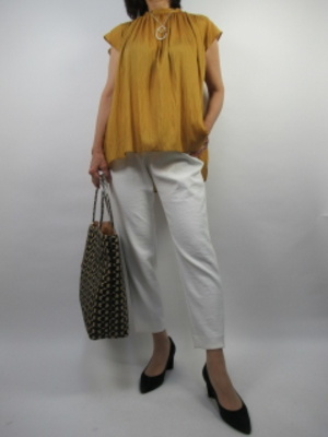 白はとても合わせやすくコーデに迷ったときは白を持ってくれば一瞬で素敵なコーデの完成になる。のスリーブの柔らかいブラウスできれいめコーデして夏のお出かけにスタイルに!スタイリッシュ度70%、カジュアル度30%。
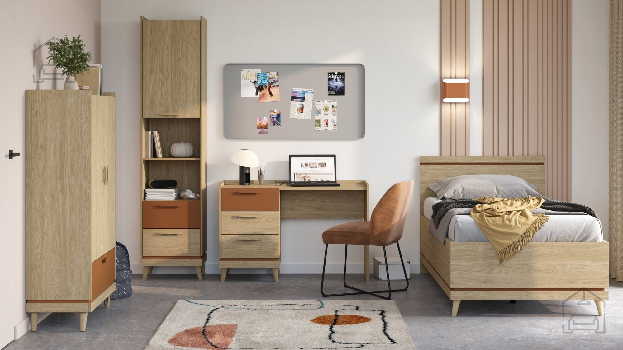 Das Bett besteht aus einer hochwertigen Möbelplatte mit einer Stärke von 15 mm und 22 mm, was Stabilität und Langlebigkeit gewährleistet. ABS-Kanten erhöhen zusätzlich die Widerstandsfähigkeit gegen mechanische Beschädigungen, sodass das Bett auch nach vielen Jahren der Nutzung sein Aussehen behält. Die Farbkombination aus geölter Eiche und Ziegeloberfläche wirkt natürlich und angenehm und lässt sich leicht mit verschiedenen Möbel- und Dekorfarbtönen kombinieren. Helvetia meble, ein renommierter polnischer Hersteller, ist bekannt für hohe Qualität und präzise Verarbeitung, sodass Sie dieses Möbelstück mit Vertrauen für Ihr Zuhause wählen können. Das Design des Rahmens aus Spanplatte bietet eine stabile Unterstützung, während der Lattenrost eine optimale Belüftung der Matratze gewährleistet, was zu besserem Schlaf und längerer Haltbarkeit der Matratze beiträgt.
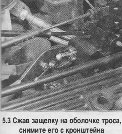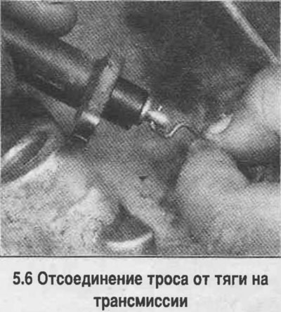 6. Вытяните трос за оболочку и отсоедините трос от тяги на трансмиссии (смотрите фотографию).
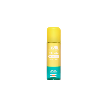 ISDIN Hydro Lotion Fotoprotector SPF50+ 200 ml es un fotoprotector corporal bifásico de última generación, diseñado para proteger y revitalizar la piel bajo el sol. Indicado para adultos y niños a partir de 3 años, este producto combina una alta protección solar SPF50+ con acción hidratante, antioxidante y detoxificante, ideal para quienes buscan cuidar y nutrir la piel durante la exposición solar.
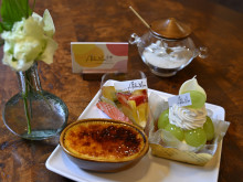 新店舗では半個室のイートインスペースを併設。ショーケースに並ぶシャインマスカットや栗、蜜芋など旬の食材を使ったタルトや注文を受けてからキャラメリゼして仕上げる「クレームブリュレ」(540円)、「いちごショートケーキ」(490円)などのケーキを「コーヒー」「紅茶アールグレイ」「イタリアンソーダ」(以上500円)などのドリンクメニューとともに提供する。焼き菓子にも力を入れ、進物用のギフトセットのほか、「ハロウィンバスケット」(2,400円)など季節に応じた詰め合わせなども用意する。
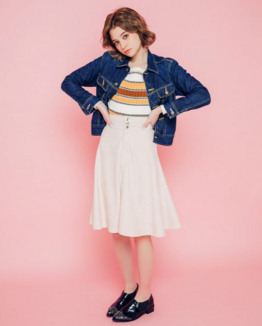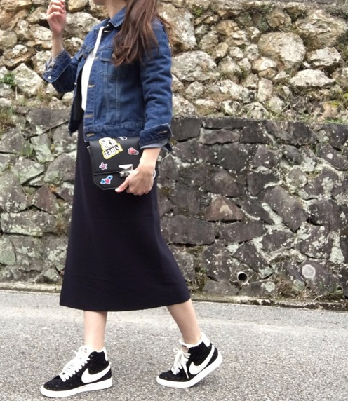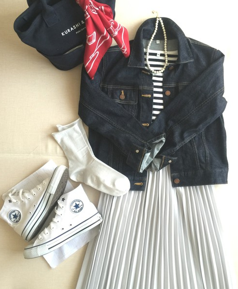 深色硬質地的牛仔外套,加上最近從原宿開始發燒的白色百褶裙。
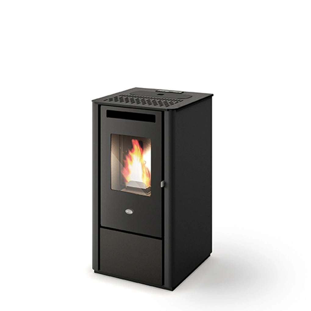 Soba pe peleti de dimensiuni mici cu invelis culoare neagra si ventilatie fortata, cu un design exclusivist, modern si elegant, care se preteaza oricarei locuinte, cabane sau case de vacanta, transformand ambientul interior intr-o atmosfera calda si primitoare. Soba ofera un proces de ardere ecologic si eficient, facand parte din dispozitivele incadrate la clasa economica A+, prezentand un consum redus de combustibil, dar un randament foarte mare (90%). Modul in care este conceputa si sistemul de imbinare inovativ, ridica soba la un nivel inalt de calitate si design.
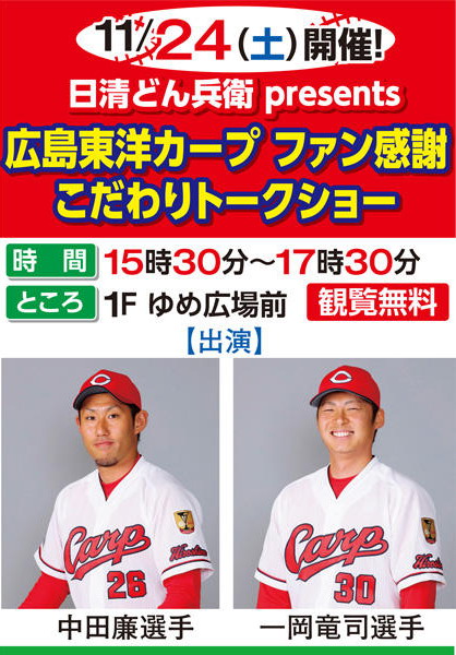 11月24日(土)にゆめタウン廿日市で中田廉投手と一岡竜司投手が出演する「日清どん兵衛 presents 広島東洋カープファン感謝こだわりトークショー」が開催さ…
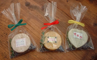 10%増量!! 30分(2〜3名)、 55g×3個 ¥1,728- (税込み) (1〜1.5時間、20〜40名の団体様用 55g×2個 ¥1,512-) ひとつの種類を3個作ることができます。 ローズマリーせっけん---------------若返り ローズゼラニウムせっけん------------美肌 |
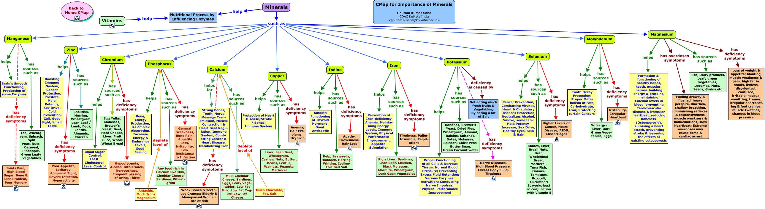 This Concept Map has information related to: CMap for Importance of Minerals, Manganese has deficiency symptoms Joints Pain, High Blood Sugar, Bone & Disc Problem, Poor Memory, Manganese has sources such as Tea, Wheatg- ram, Spinach, Split Peas, Nuts, Oatmeal, Pineapple, Green Leafy Vegetables, Selenium has deficiency symptoms Higher Levels of Cancer, Heart Disease, AIDS, Miscarriages, Minerals such as Potassium, Magnesium has deficiency symptoms Loss of weight & appetite; bloating, muscle weakness & pain, high fat in stools, listless, disoriented, confused, irritable, nausea, vomitting, tremor, irregular heartbeat, leg & foot cramps, muscle twitches, changes in blood pressure, Magnesium has sources such as Fish, Dairy products, Leafy green vegetables, Legumes, Nuts, Seeds, Grains etc, Minerals such as Iodine, Potassium helps Proper Functioning of all Cells & Nervous Tissue; Normal Blood Pressure; Preventing Excess Fluid Retention; Various Enzymes Activation; Conducting Nerve Impulses; Physical Performance Improvement, Chromium helps Blood Sugar Control, Fat & Cholesterol Level Control, Selenium has sources such as Kidney, Liver, Brazil Nuts, Bran, Wholemeal Bread, Mackerel, Tuna Fish, Onions, Tomatoes, Broccoli, Cucumber; It works best in conjunction with Vitamin E
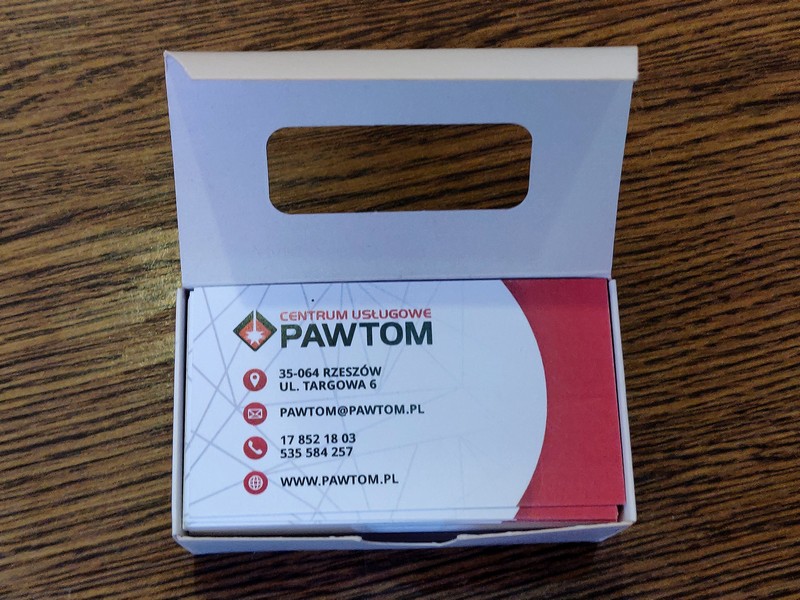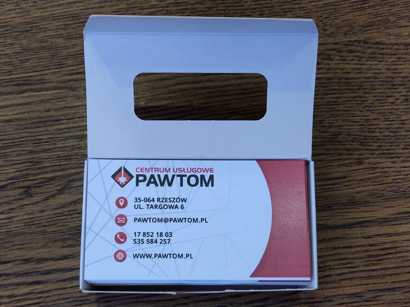 Gotowe wizytówki pakowane są w dedykowane kartonowe pudełko.
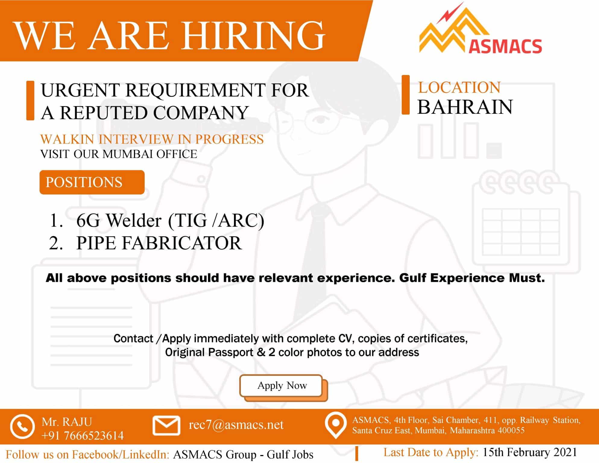 Follow us on Facebook/LinkedIn: ASMACS Group – Gulf Jobs
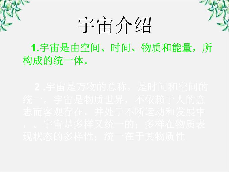 2 .宇宙是万物的总称,是时间和空间的统一。宇宙是物质世界,不依赖于人的意志而客观存在,并处于不断运动和发展中,。宇宙是多样又统一的;多样在物质表现状态的多样性;统一在于其物质性
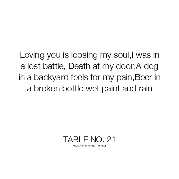 Copy Image Loving you is loosing my soul,I was in a lost battle, Death at my door,A dog in a backyard feels for my pain,Beer in a broken bottle wet paint and rain Moms Typewriter A A SAVE THIS IMAGE
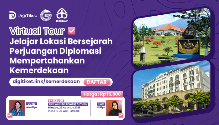 Penasaran dengan cerita lengkap bagaimana Indonesia mempertahankan kemerdekaan melalui jalur diplomasi? Yuk, ikuti Virtual Tour Dibalik Perjuangan Diplomasi Mempertahankan Kemerdekaan. Pastinya akan menarik banget loh, segera pesan tiketmu dan jangan sampai ketinggalan ya!
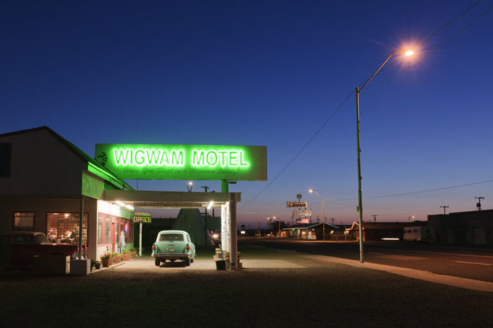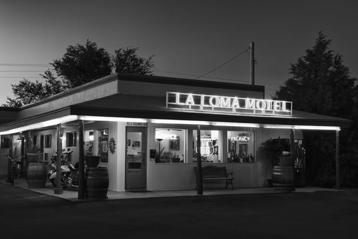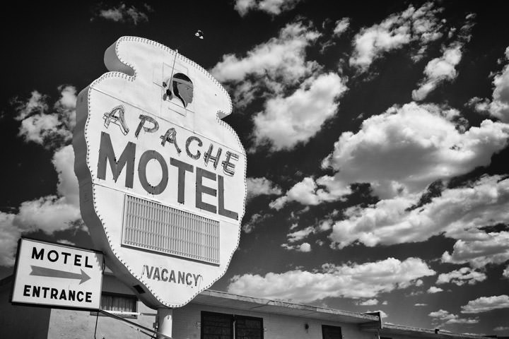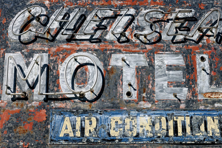REF: WOF_K083_0090This photograph is a study of detail of the Chelsea Motel sign on Route 66 in Oklahoma. This print is available as an art print, canvas or acrylic panel in various different sizes. To see more photographs of this location or theme, or for help or advice please call 01992 939344.
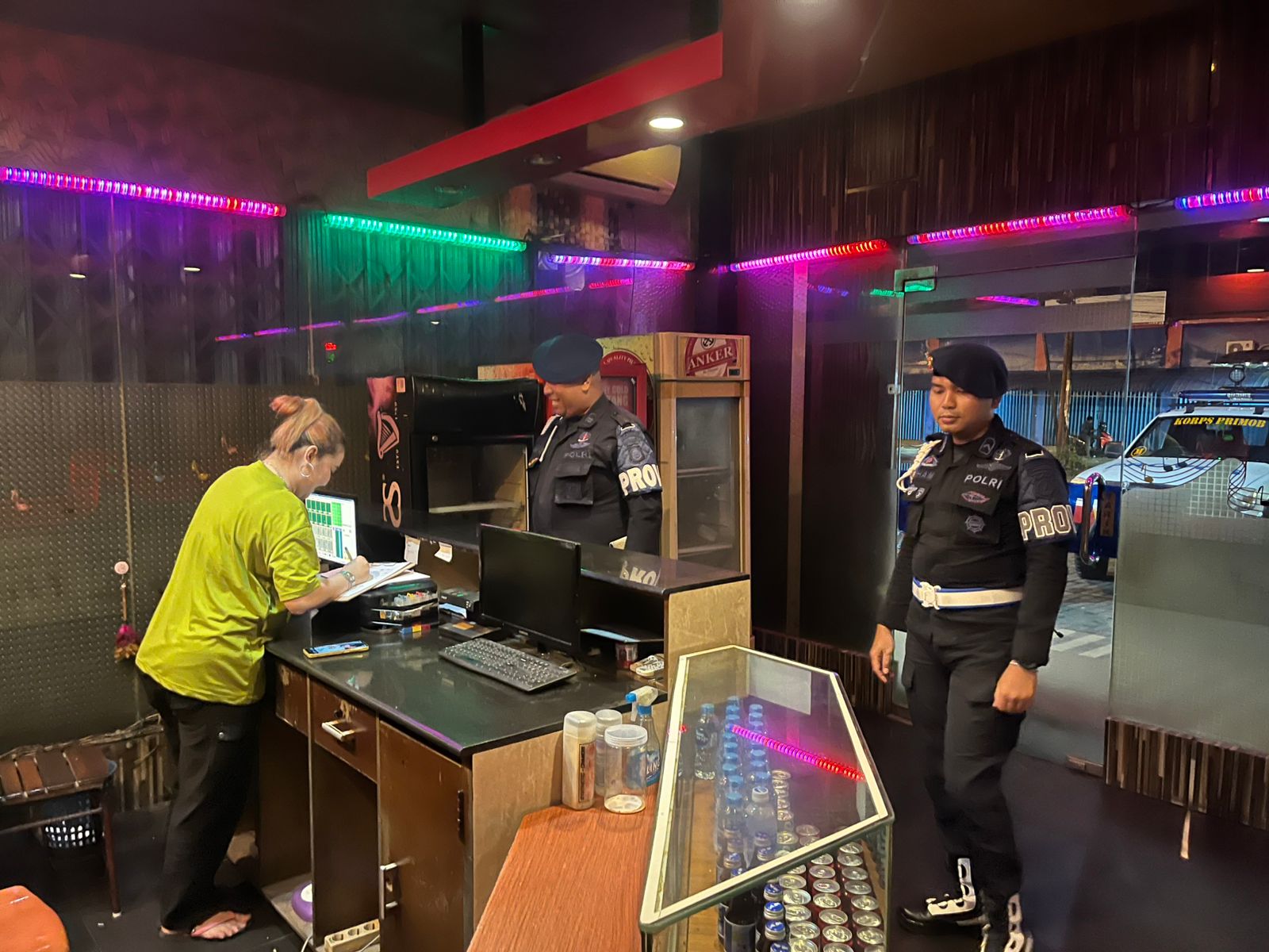 Pantroli intensif personel Provos Satbrimob Polda Kalbar diberbagai tempat hiburan malam di Provinsi Kalbar, upaya Polri menjaga disiplin dan marwah institusi. Kamis (23/04/26).

::::::::

Retype, word for word, the line containing "Gotowe wizytówki pakowane" and each line after it through the end of the data, leaving any picture out.

 Gotowe wizytówki pakowane są w dedykowane kartonowe pudełko.
 Follow us on Facebook/LinkedIn: ASMACS Group – Gulf Jobs
 2 .宇宙是万物的总称,是时间和空间的统一。宇宙是物质世界,不依赖于人的意志而客观存在,并处于不断运动和发展中,。宇宙是多样又统一的;多样在物质表现状态的多样性;统一在于其物质性
 Copy Image Loving you is loosing my soul,I was in a lost battle, Death at my door,A dog in a backyard feels for my pain,Beer in a broken bottle wet paint and rain Moms Typewriter A A SAVE THIS IMAGE
 Penasaran dengan cerita lengkap bagaimana Indonesia mempertahankan kemerdekaan melalui jalur diplomasi? Yuk, ikuti Virtual Tour Dibalik Perjuangan Diplomasi Mempertahankan Kemerdekaan. Pastinya akan menarik banget loh, segera pesan tiketmu dan jangan sampai ketinggalan ya!
REF: WOF_K083_0090This photograph is a study of detail of the Chelsea Motel sign on Route 66 in Oklahoma. This print is available as an art print, canvas or acrylic panel in various different sizes. To see more photographs of this location or theme, or for help or advice please call 01992 939344.
 Pantroli intensif personel Provos Satbrimob Polda Kalbar diberbagai tempat hiburan malam di Provinsi Kalbar, upaya Polri menjaga disiplin dan marwah institusi. Kamis (23/04/26).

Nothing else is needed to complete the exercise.